DATA UNDER STUDY:
________

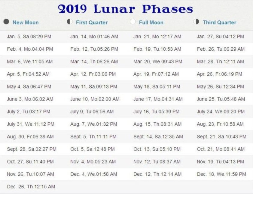To this point, I’d like to present this year’s lunar schedule. We should probably check in throughout the year to see if there’s any effect. Notice, the first significant date is a new moon, which occurs tomorrow evening.
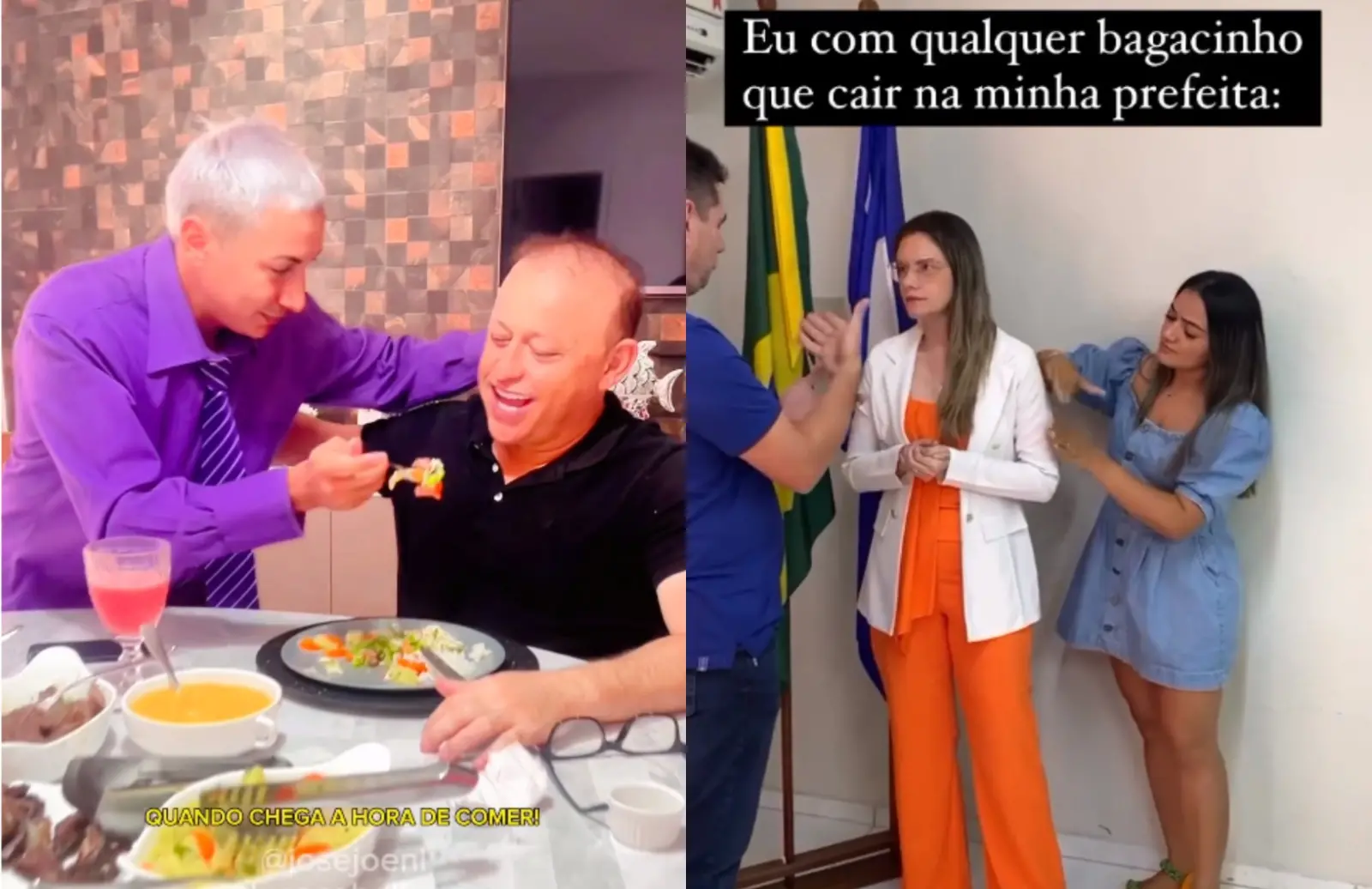 O diferencial, nestes casos, é a publicação feita em colaboração entre os perfis do humorista e do prefeito José Joeni. Mas ele não é o único a usar a estratégia. Em publicação conjunta com a prefeita de Limoeiro do Norte, Dilmara Amaral (Republicanos), a criadora de conteúdo Clarice Andrade mostra como se comporta quando vê "qualquer bagacinho cair na minha prefeita": "Minha prefeita não pode ficar suja".
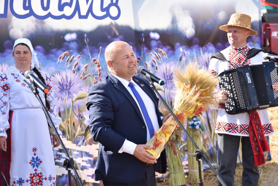Со словами приветствия и с правом открыть жатву-2025 года к присутствующим обратился председатель районного исполнительного комитета Андрей Соколовский.
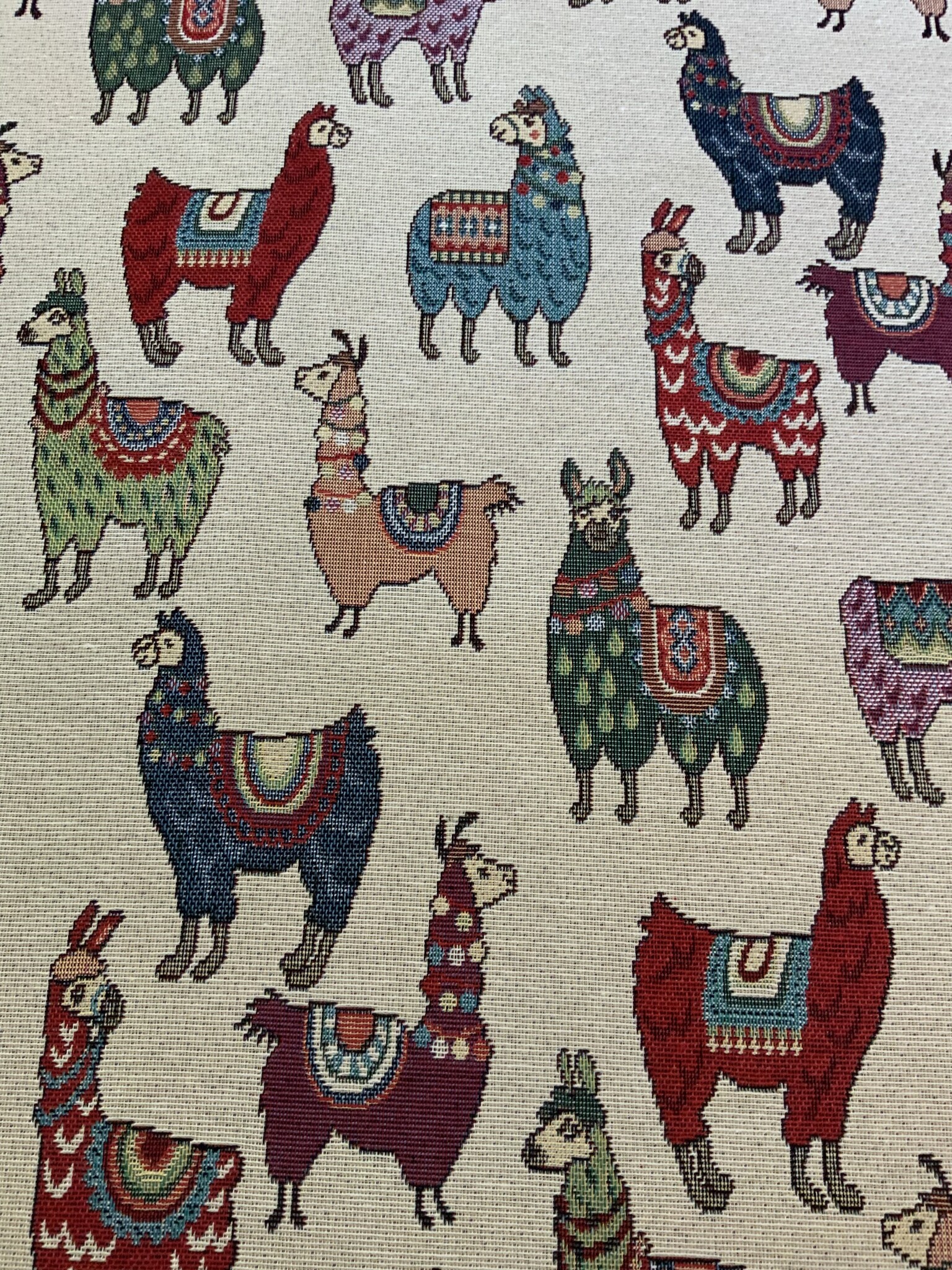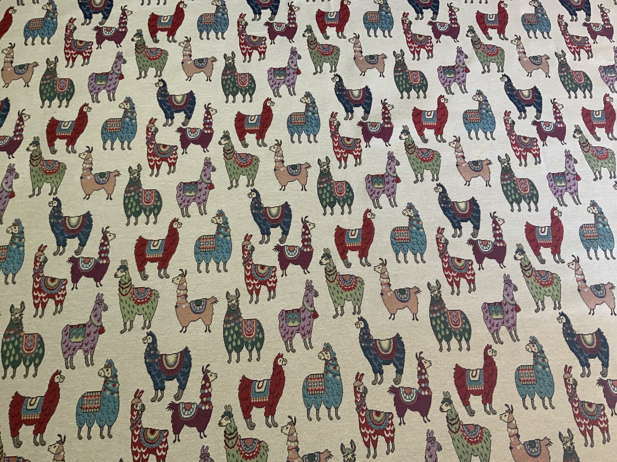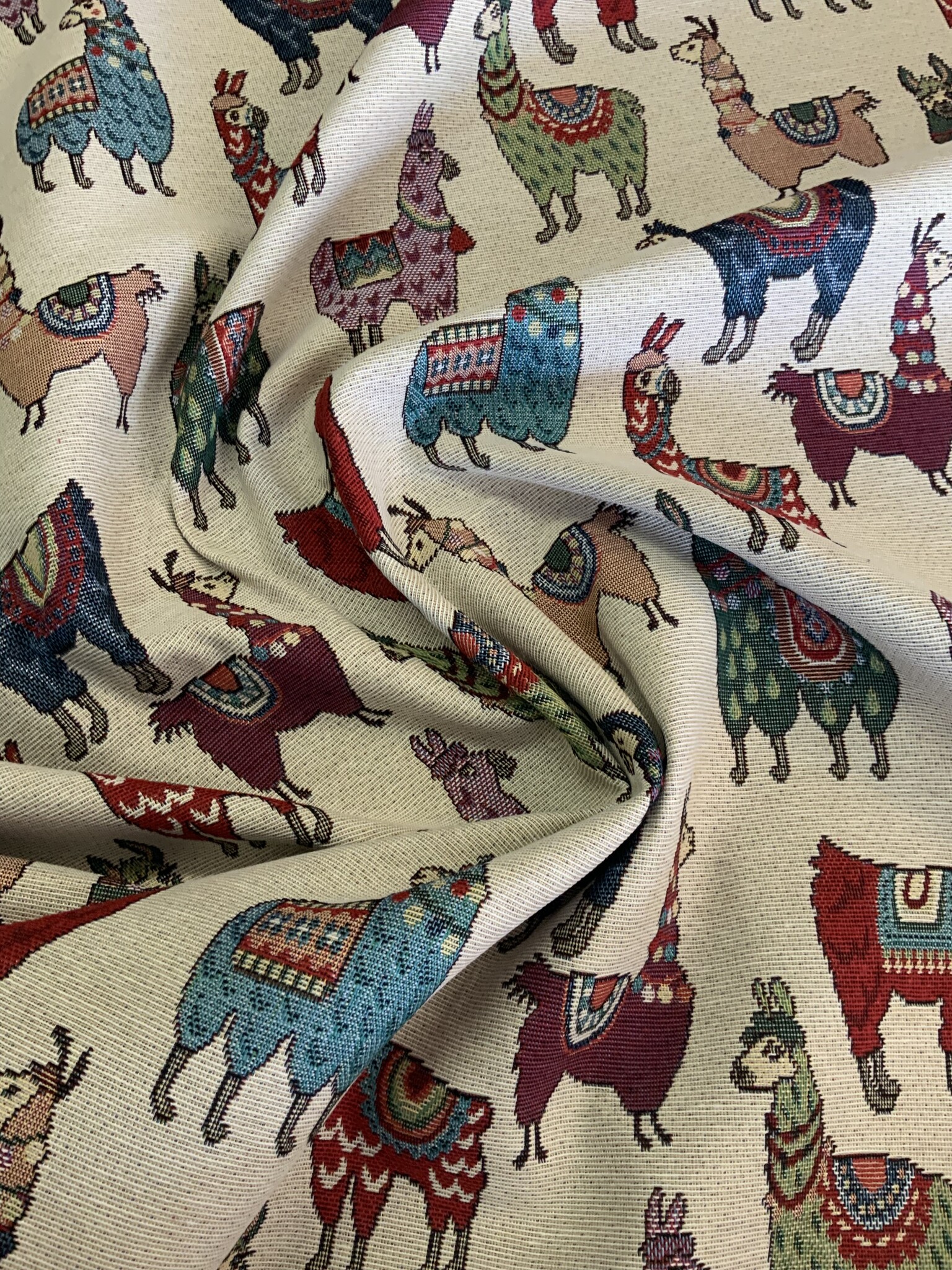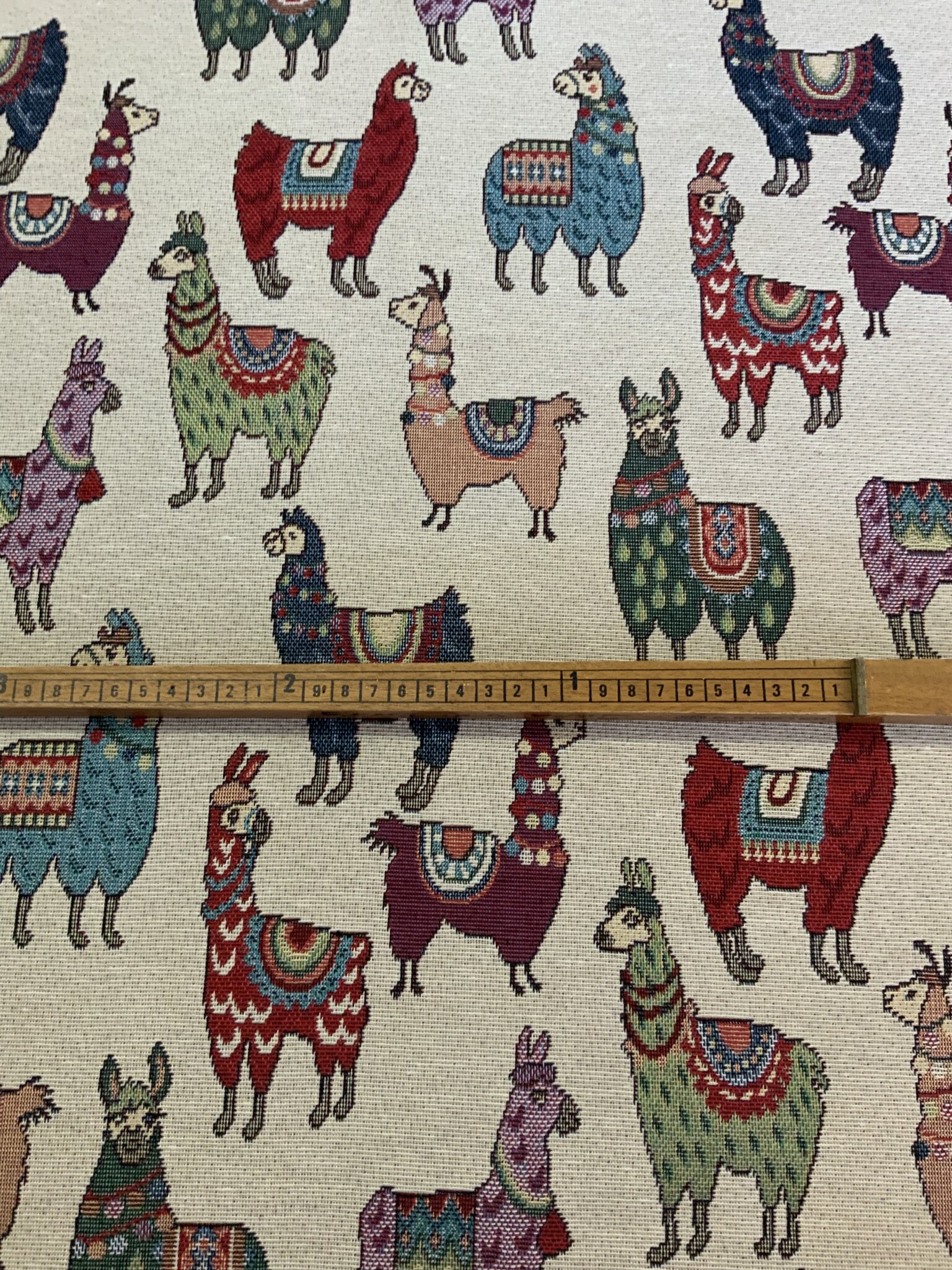 Es ist ein stark gewebter Stoff mit einem gewebten Motiv, der eine spezielle Webtechnik verwendet. Gobelins wurden ursprünglich für Wandbehänge verwendet. Die Vorder- und Rückseite unterscheiden sich in der Farbe, aber das Design ist auf der Rückseite noch intakt. Die Zusammensetzung ist variabel, normalerweise jedoch eine Zusammensetzung aus Baumwolle und Polyester. Die Zugabe von Polyester macht den Stoff stärker. Die Breite beträgt oft 140 cm. Diese Qualität ist bei 30 Grad maschinenwaschbar.
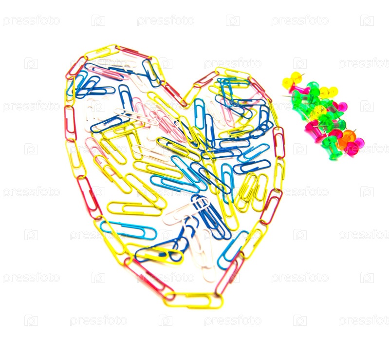 Красочные скрепки и кнопки крупным планом на белом фоне

________

PROBLEM TO SOLVE: Exactly restate the lines from the beginning of the data through the line with "Es ist ein stark", and no others, keeping pictures out.

EXERCISE RESPONSE:
To this point, I’d like to present this year’s lunar schedule. We should probably check in throughout the year to see if there’s any effect. Notice, the first significant date is a new moon, which occurs tomorrow evening.
 O diferencial, nestes casos, é a publicação feita em colaboração entre os perfis do humorista e do prefeito José Joeni. Mas ele não é o único a usar a estratégia. Em publicação conjunta com a prefeita de Limoeiro do Norte, Dilmara Amaral (Republicanos), a criadora de conteúdo Clarice Andrade mostra como se comporta quando vê "qualquer bagacinho cair na minha prefeita": "Minha prefeita não pode ficar suja".
Со словами приветствия и с правом открыть жатву-2025 года к присутствующим обратился председатель районного исполнительного комитета Андрей Соколовский.
 Es ist ein stark gewebter Stoff mit einem gewebten Motiv, der eine spezielle Webtechnik verwendet. Gobelins wurden ursprünglich für Wandbehänge verwendet. Die Vorder- und Rückseite unterscheiden sich in der Farbe, aber das Design ist auf der Rückseite noch intakt. Die Zusammensetzung ist variabel, normalerweise jedoch eine Zusammensetzung aus Baumwolle und Polyester. Die Zugabe von Polyester macht den Stoff stärker. Die Breite beträgt oft 140 cm. Diese Qualität ist bei 30 Grad maschinenwaschbar.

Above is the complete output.